EXERCISE DETAILS: Write out exactly the lines below starting at the one containing "SHARK wireless anti-tangle" and ending at the one containing "Blue Jeans And". Omit every picture.

*** INPUT ***

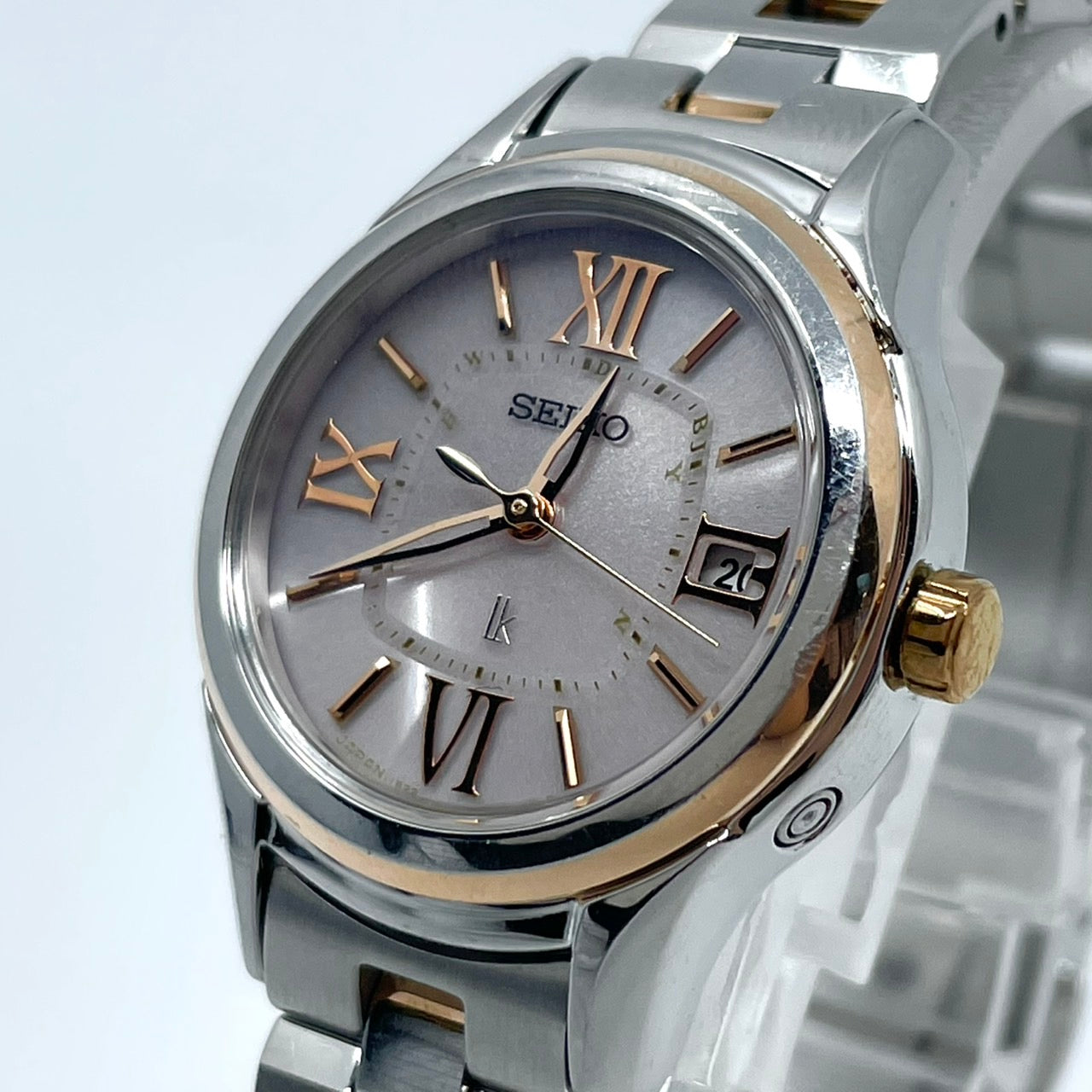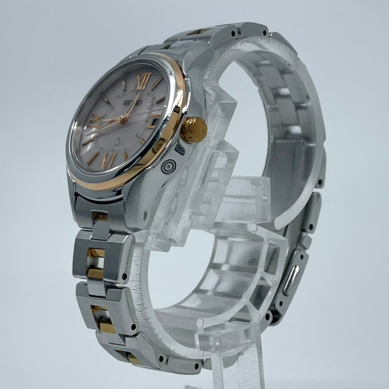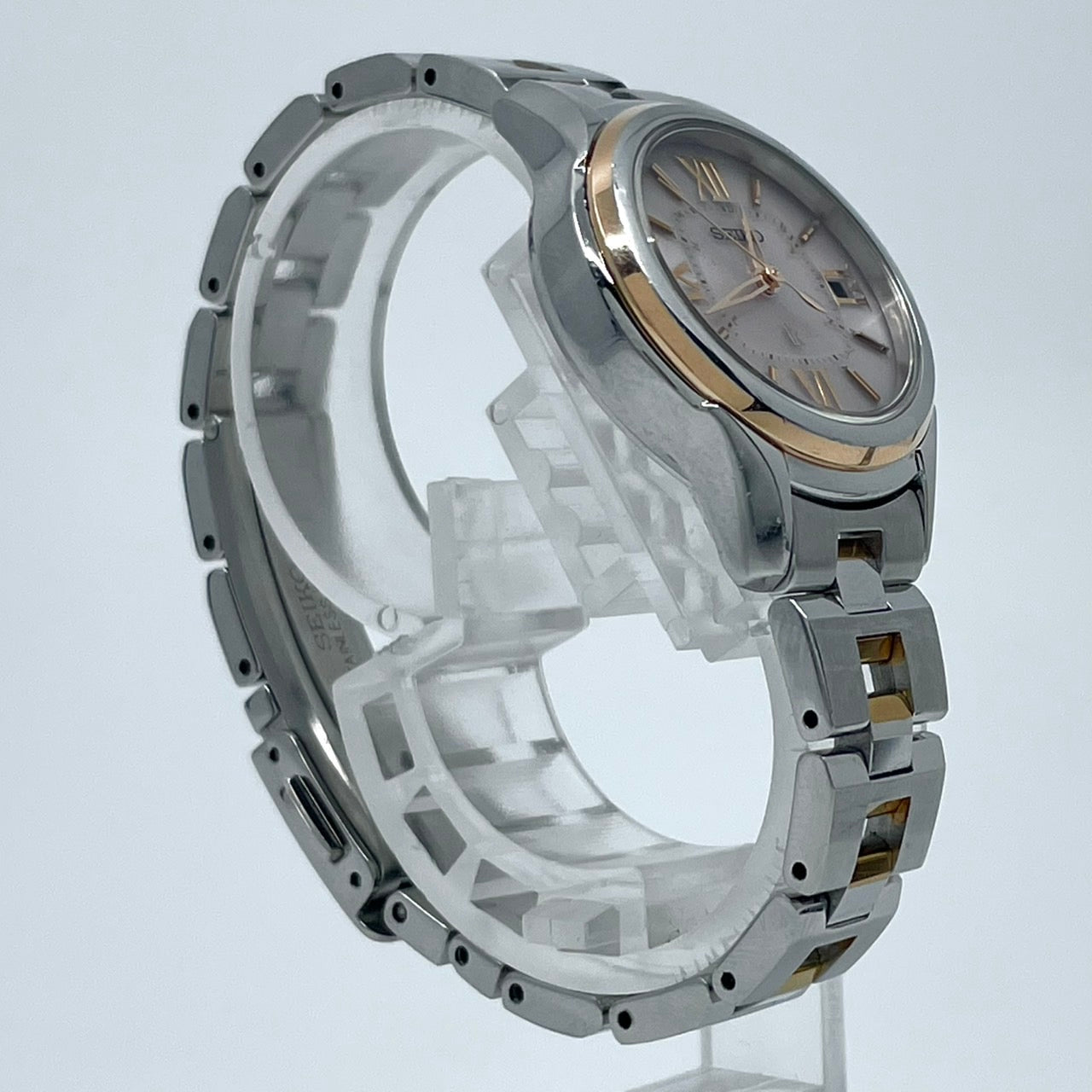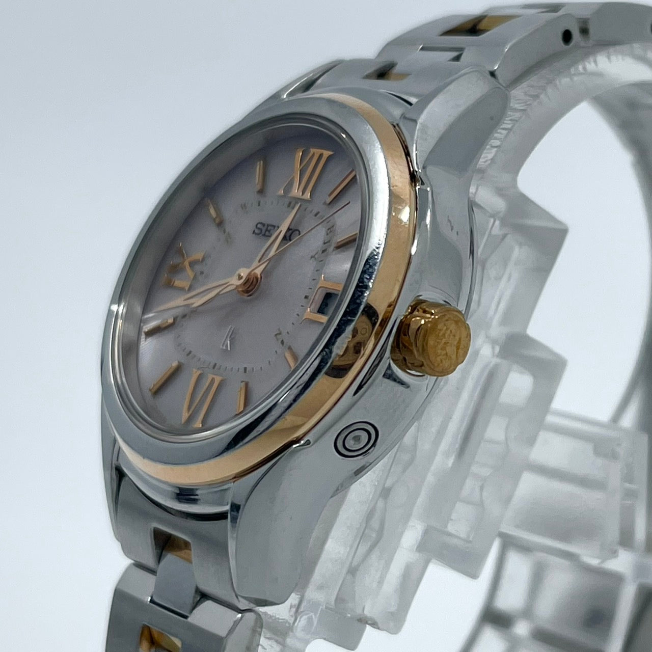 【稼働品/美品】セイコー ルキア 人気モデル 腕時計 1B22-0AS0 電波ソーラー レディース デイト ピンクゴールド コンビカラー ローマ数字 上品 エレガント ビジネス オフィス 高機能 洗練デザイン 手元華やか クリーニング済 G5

*** End of INPUT ***
*** INPUT ***

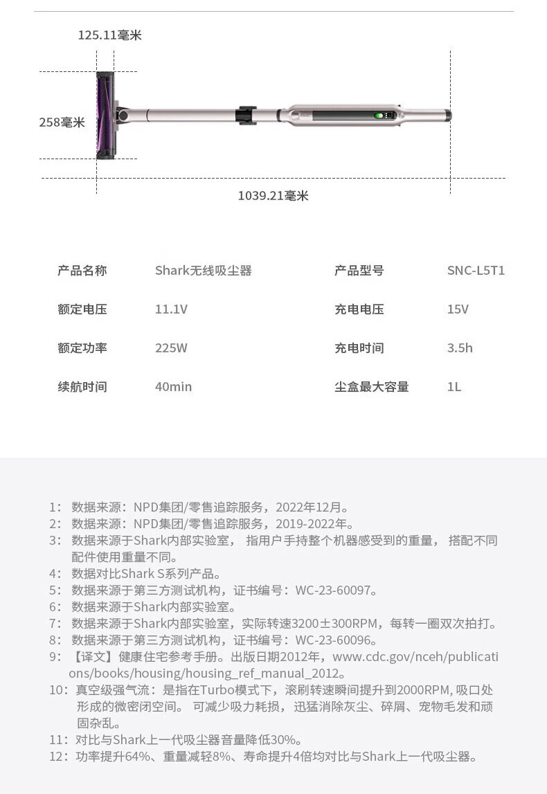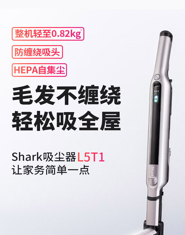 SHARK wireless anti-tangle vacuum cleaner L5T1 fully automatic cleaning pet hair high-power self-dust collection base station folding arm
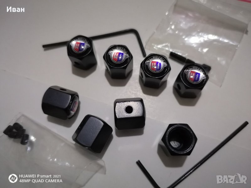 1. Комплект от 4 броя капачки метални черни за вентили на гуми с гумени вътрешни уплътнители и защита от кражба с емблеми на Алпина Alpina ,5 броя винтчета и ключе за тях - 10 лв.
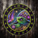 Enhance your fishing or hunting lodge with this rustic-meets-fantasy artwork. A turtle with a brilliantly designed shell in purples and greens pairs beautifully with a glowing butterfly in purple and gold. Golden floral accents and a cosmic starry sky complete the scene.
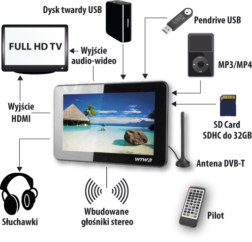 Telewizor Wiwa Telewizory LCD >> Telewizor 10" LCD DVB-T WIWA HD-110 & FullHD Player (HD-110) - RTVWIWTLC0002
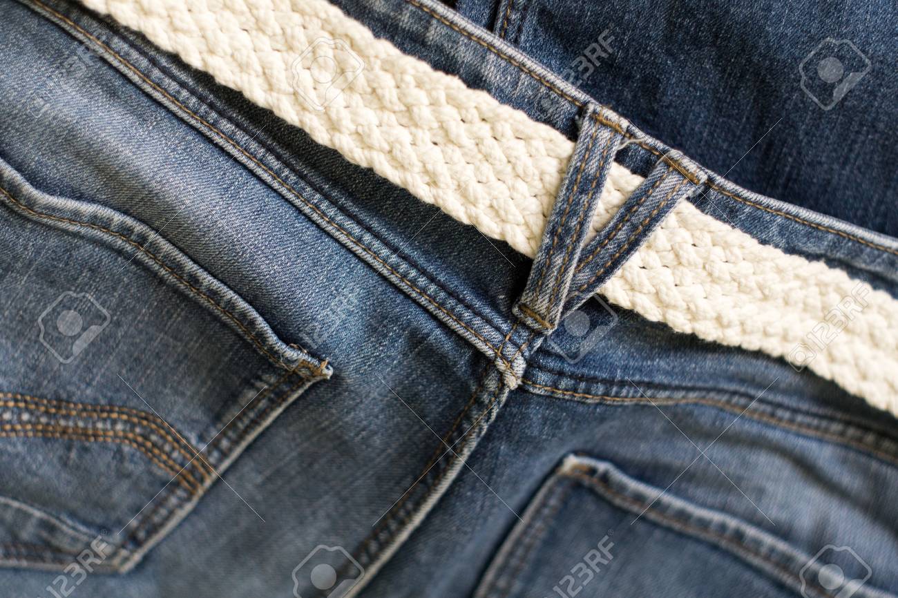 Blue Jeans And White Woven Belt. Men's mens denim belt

*** End of INPUT ***
*** INPUT ***

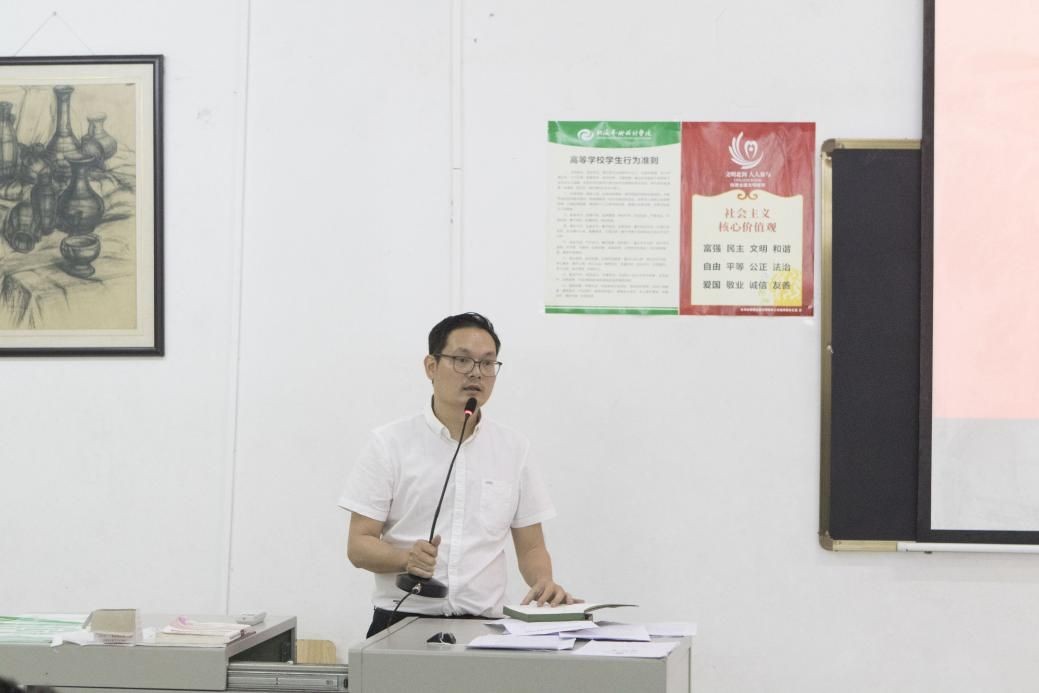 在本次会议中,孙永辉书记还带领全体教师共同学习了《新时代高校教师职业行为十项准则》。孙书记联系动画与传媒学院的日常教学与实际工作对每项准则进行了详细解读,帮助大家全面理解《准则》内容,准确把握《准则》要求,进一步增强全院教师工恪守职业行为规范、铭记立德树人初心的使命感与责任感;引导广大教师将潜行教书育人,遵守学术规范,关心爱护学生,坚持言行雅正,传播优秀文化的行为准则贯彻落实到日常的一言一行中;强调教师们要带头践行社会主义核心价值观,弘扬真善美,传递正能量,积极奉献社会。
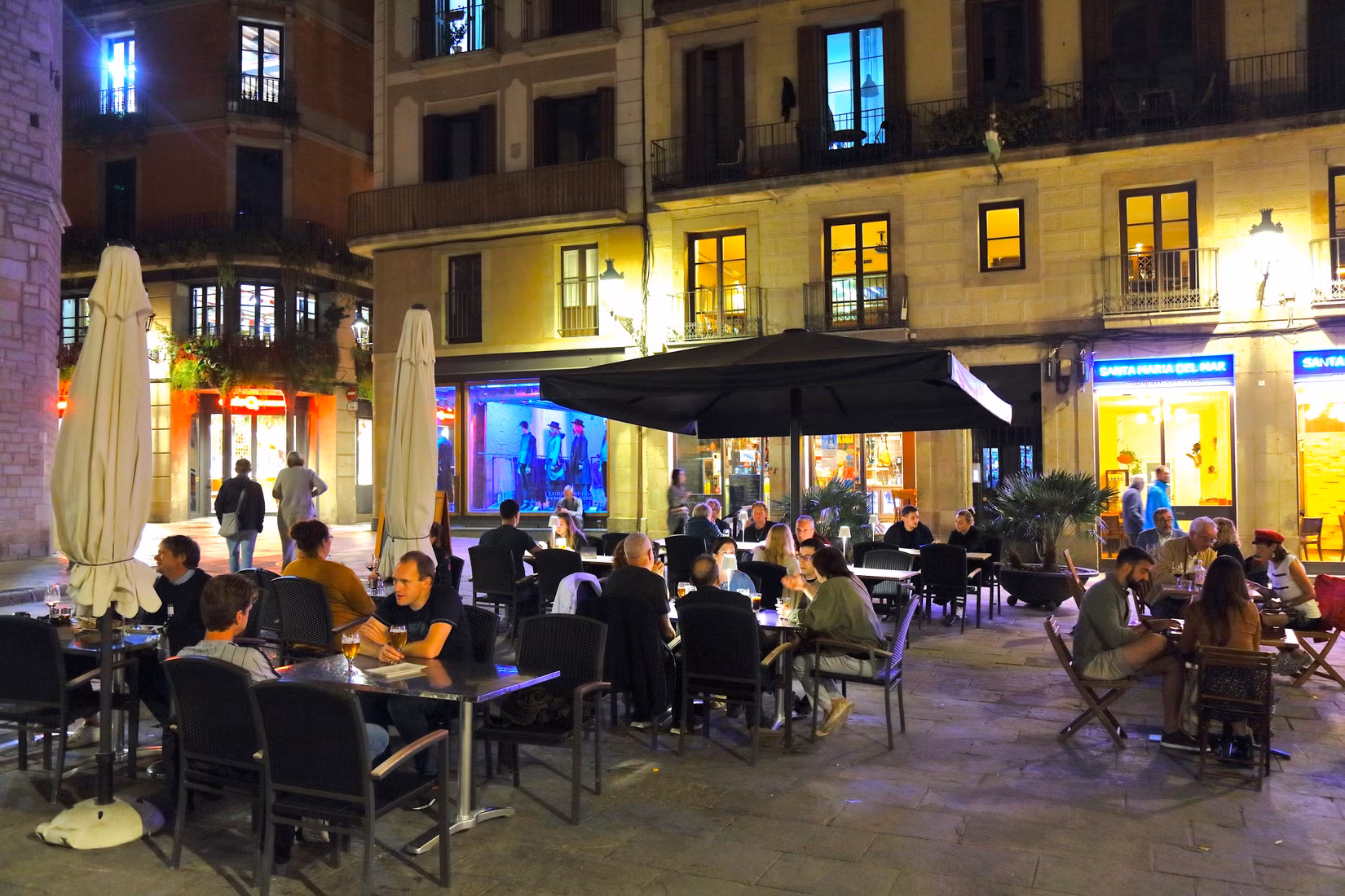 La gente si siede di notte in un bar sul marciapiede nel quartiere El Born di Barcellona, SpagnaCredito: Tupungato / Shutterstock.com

*** End of INPUT ***

EXERCISE RESPONSE:
 SHARK wireless anti-tangle vacuum cleaner L5T1 fully automatic cleaning pet hair high-power self-dust collection base station folding arm
 1. Комплект от 4 броя капачки метални черни за вентили на гуми с гумени вътрешни уплътнители и защита от кражба с емблеми на Алпина Alpina ,5 броя винтчета и ключе за тях - 10 лв.
 Enhance your fishing or hunting lodge with this rustic-meets-fantasy artwork. A turtle with a brilliantly designed shell in purples and greens pairs beautifully with a glowing butterfly in purple and gold. Golden floral accents and a cosmic starry sky complete the scene.
 Telewizor Wiwa Telewizory LCD >> Telewizor 10" LCD DVB-T WIWA HD-110 & FullHD Player (HD-110) - RTVWIWTLC0002
 Blue Jeans And White Woven Belt. Men's mens denim belt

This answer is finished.